---- INPUT
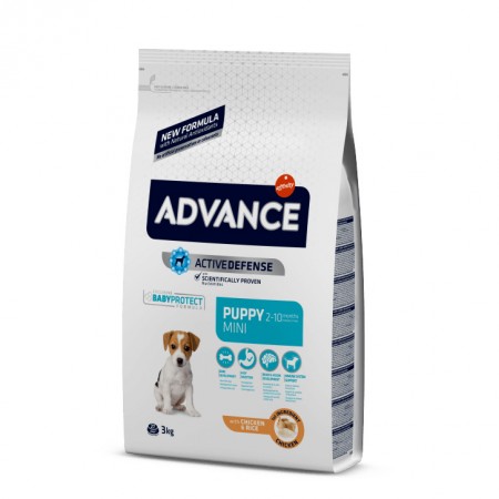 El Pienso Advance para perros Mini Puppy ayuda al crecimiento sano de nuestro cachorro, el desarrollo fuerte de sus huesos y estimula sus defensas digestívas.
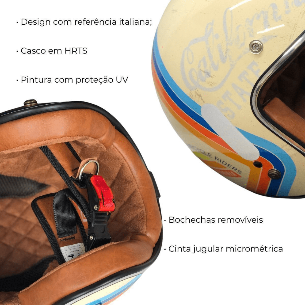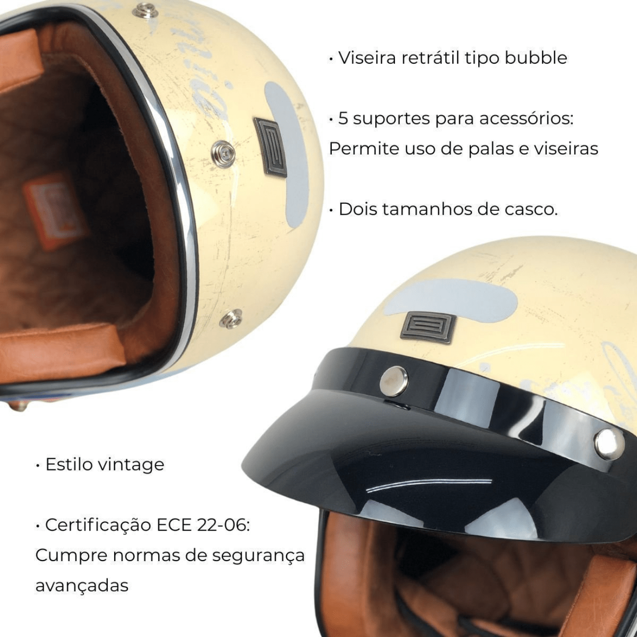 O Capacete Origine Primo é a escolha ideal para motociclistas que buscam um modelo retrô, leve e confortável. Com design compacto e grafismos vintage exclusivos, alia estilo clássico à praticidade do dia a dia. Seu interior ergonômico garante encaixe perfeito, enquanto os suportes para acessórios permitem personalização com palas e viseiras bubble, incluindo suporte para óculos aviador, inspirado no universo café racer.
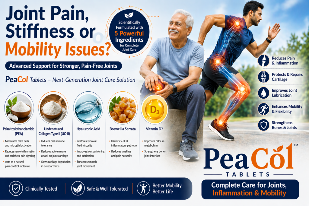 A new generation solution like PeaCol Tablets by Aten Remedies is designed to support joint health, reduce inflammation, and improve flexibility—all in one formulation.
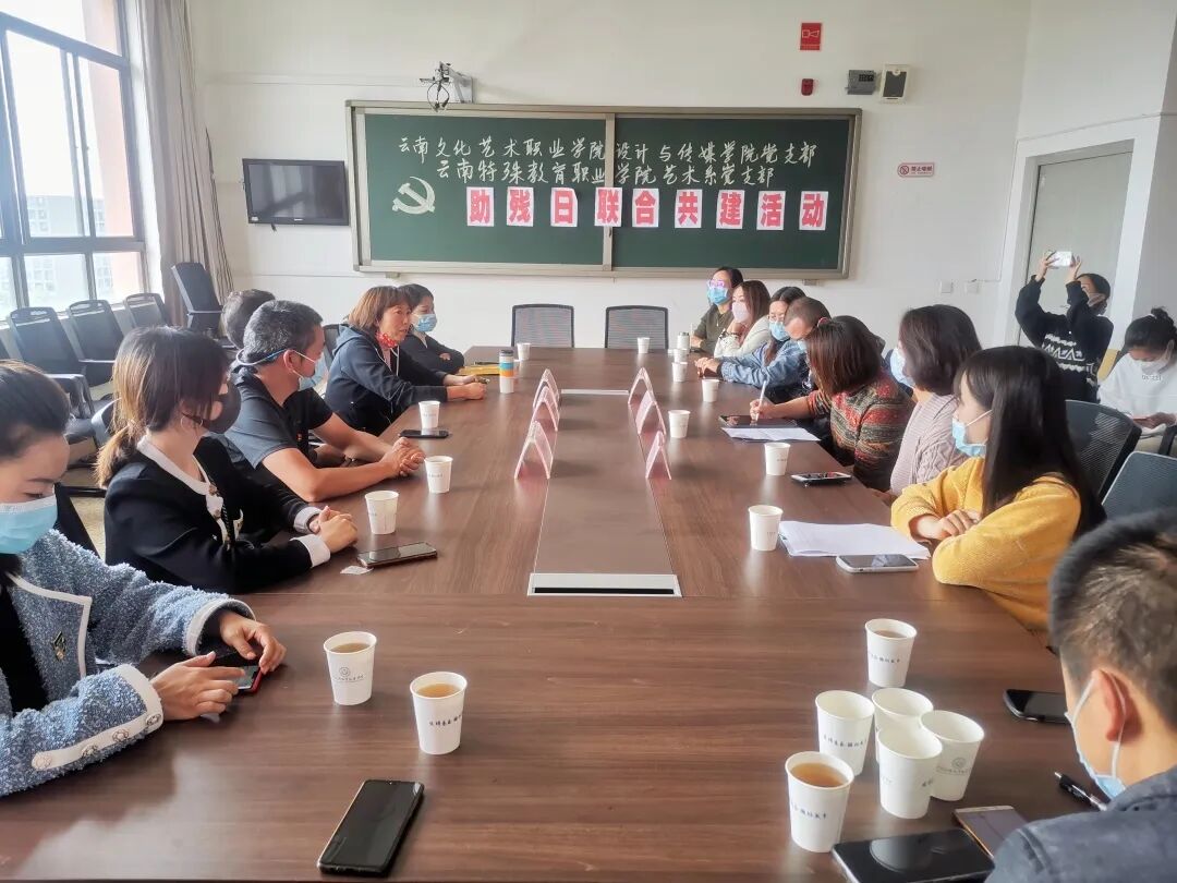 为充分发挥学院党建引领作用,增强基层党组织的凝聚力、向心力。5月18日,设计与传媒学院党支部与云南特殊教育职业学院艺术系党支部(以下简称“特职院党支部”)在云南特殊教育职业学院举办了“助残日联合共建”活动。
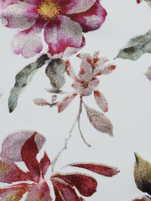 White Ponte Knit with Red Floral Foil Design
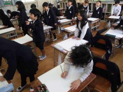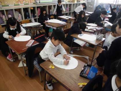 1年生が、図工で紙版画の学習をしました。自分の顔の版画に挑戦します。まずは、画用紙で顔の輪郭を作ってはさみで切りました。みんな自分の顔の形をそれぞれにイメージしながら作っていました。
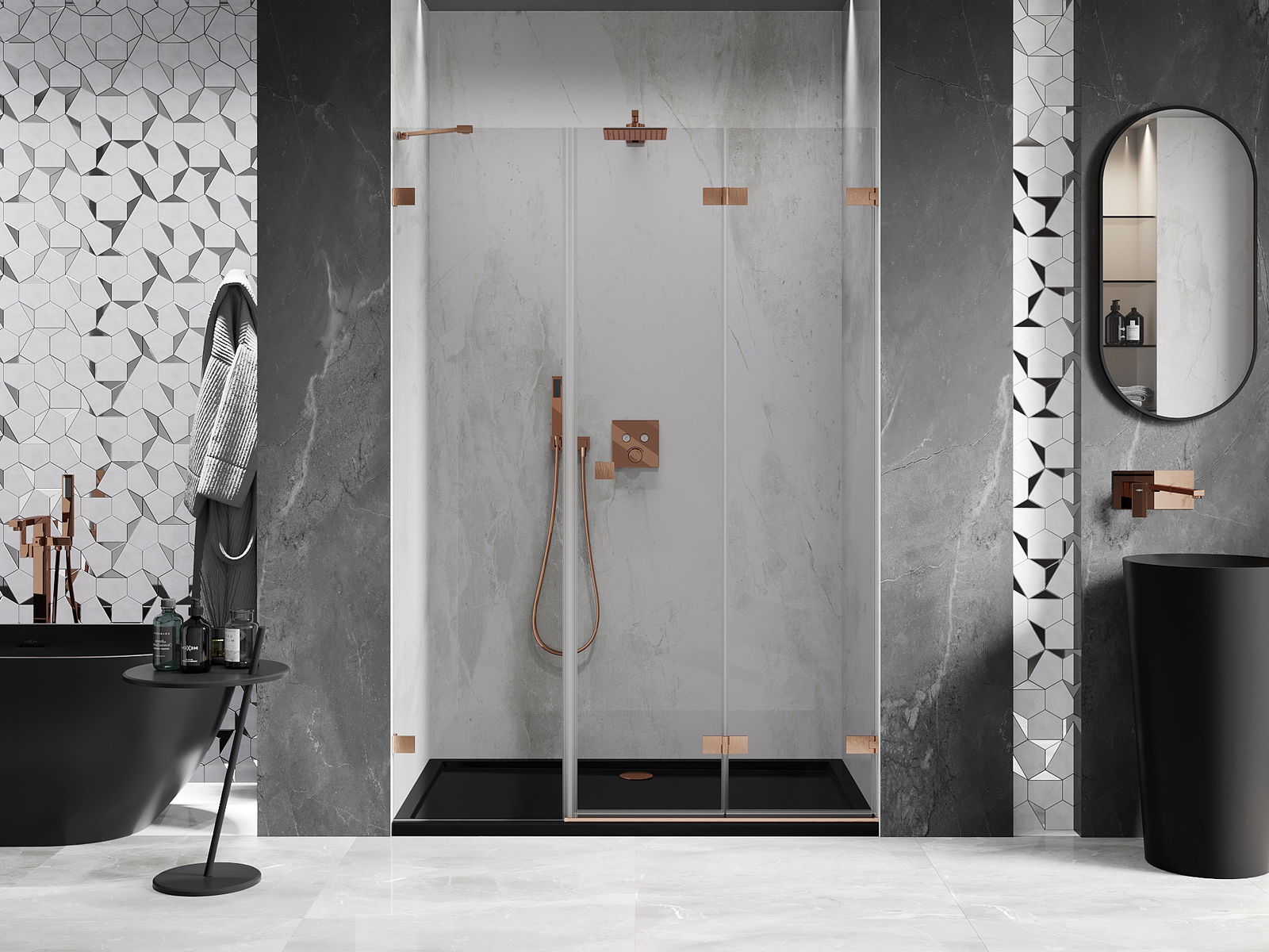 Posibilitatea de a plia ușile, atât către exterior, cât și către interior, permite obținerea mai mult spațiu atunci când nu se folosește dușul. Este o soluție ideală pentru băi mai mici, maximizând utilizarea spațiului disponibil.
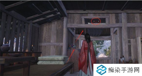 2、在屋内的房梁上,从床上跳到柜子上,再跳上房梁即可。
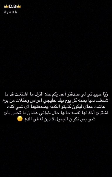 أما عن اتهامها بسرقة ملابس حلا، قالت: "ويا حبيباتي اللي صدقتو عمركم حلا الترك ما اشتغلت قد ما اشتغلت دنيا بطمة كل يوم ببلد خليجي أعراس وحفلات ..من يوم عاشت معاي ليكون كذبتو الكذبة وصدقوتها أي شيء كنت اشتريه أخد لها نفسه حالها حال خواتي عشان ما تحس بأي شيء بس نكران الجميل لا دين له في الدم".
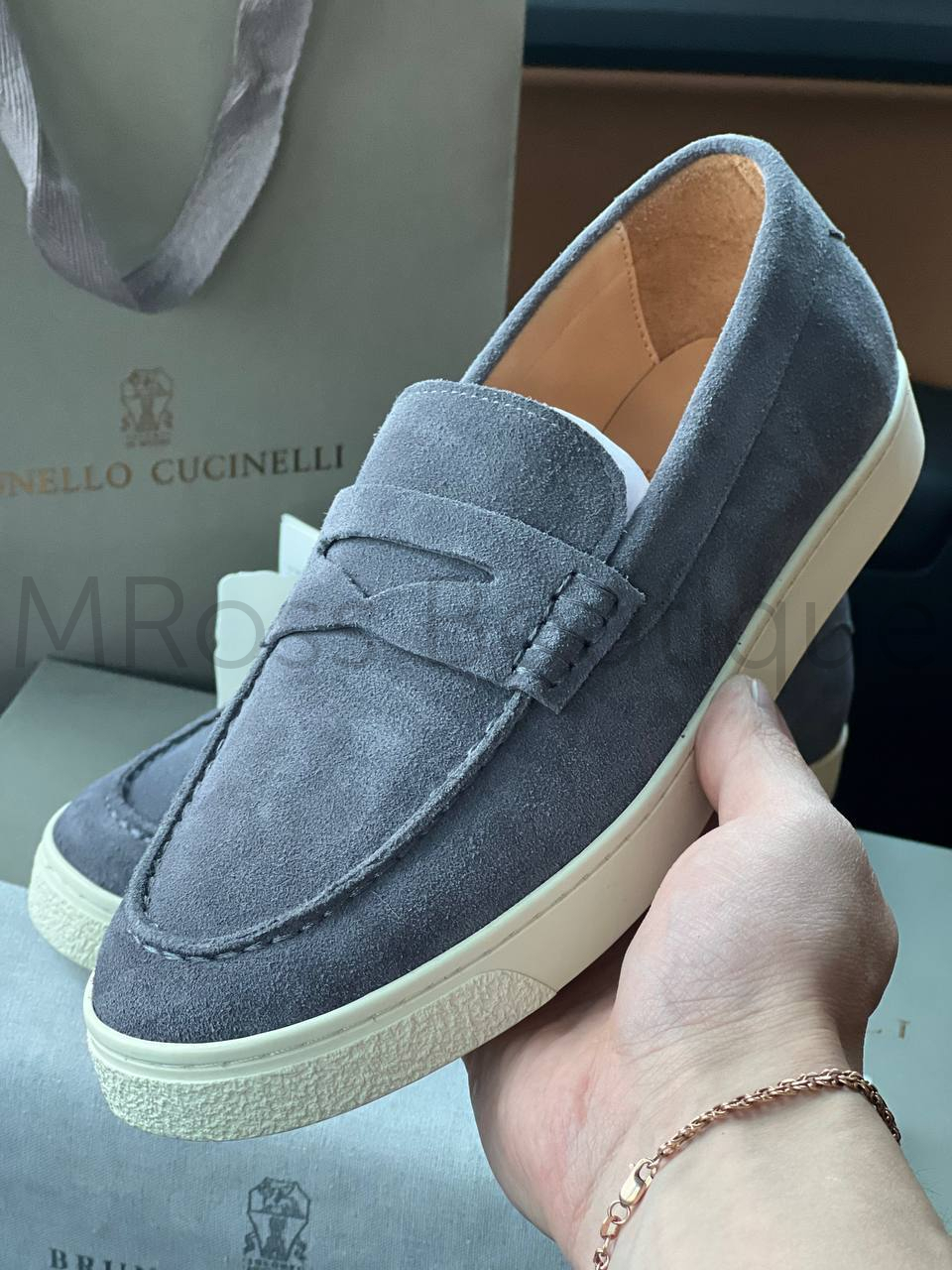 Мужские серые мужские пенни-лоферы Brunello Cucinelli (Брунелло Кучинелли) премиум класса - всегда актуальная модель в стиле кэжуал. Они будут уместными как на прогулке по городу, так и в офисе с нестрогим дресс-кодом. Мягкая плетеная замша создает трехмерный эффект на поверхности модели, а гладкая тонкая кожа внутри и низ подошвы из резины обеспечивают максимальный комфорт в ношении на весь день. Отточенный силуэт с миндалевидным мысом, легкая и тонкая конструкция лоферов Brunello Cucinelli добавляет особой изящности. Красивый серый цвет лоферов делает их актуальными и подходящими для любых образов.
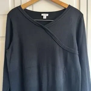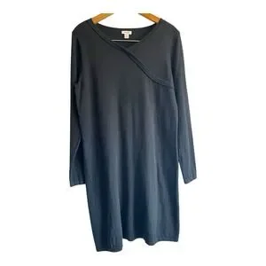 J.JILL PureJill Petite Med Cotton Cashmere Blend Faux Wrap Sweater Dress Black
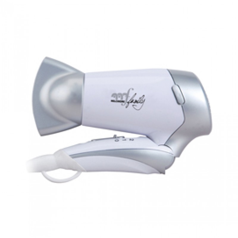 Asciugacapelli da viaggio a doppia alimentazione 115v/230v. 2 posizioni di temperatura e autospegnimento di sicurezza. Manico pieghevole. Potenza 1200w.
--------
*EXERCISE INSTRUCTIONS*
Set the pictures aside and retype exactly the lines above from the line with "1年生が、図工で紙版画の学習" to the line with "2、在屋内的房梁上,从床上跳到柜子上,再跳上房梁即可。", both included, adding no others.

*RESULT OF THE EXERCISE*
 1年生が、図工で紙版画の学習をしました。自分の顔の版画に挑戦します。まずは、画用紙で顔の輪郭を作ってはさみで切りました。みんな自分の顔の形をそれぞれにイメージしながら作っていました。
 Posibilitatea de a plia ușile, atât către exterior, cât și către interior, permite obținerea mai mult spațiu atunci când nu se folosește dușul. Este o soluție ideală pentru băi mai mici, maximizând utilizarea spațiului disponibil.
 2、在屋内的房梁上,从床上跳到柜子上,再跳上房梁即可。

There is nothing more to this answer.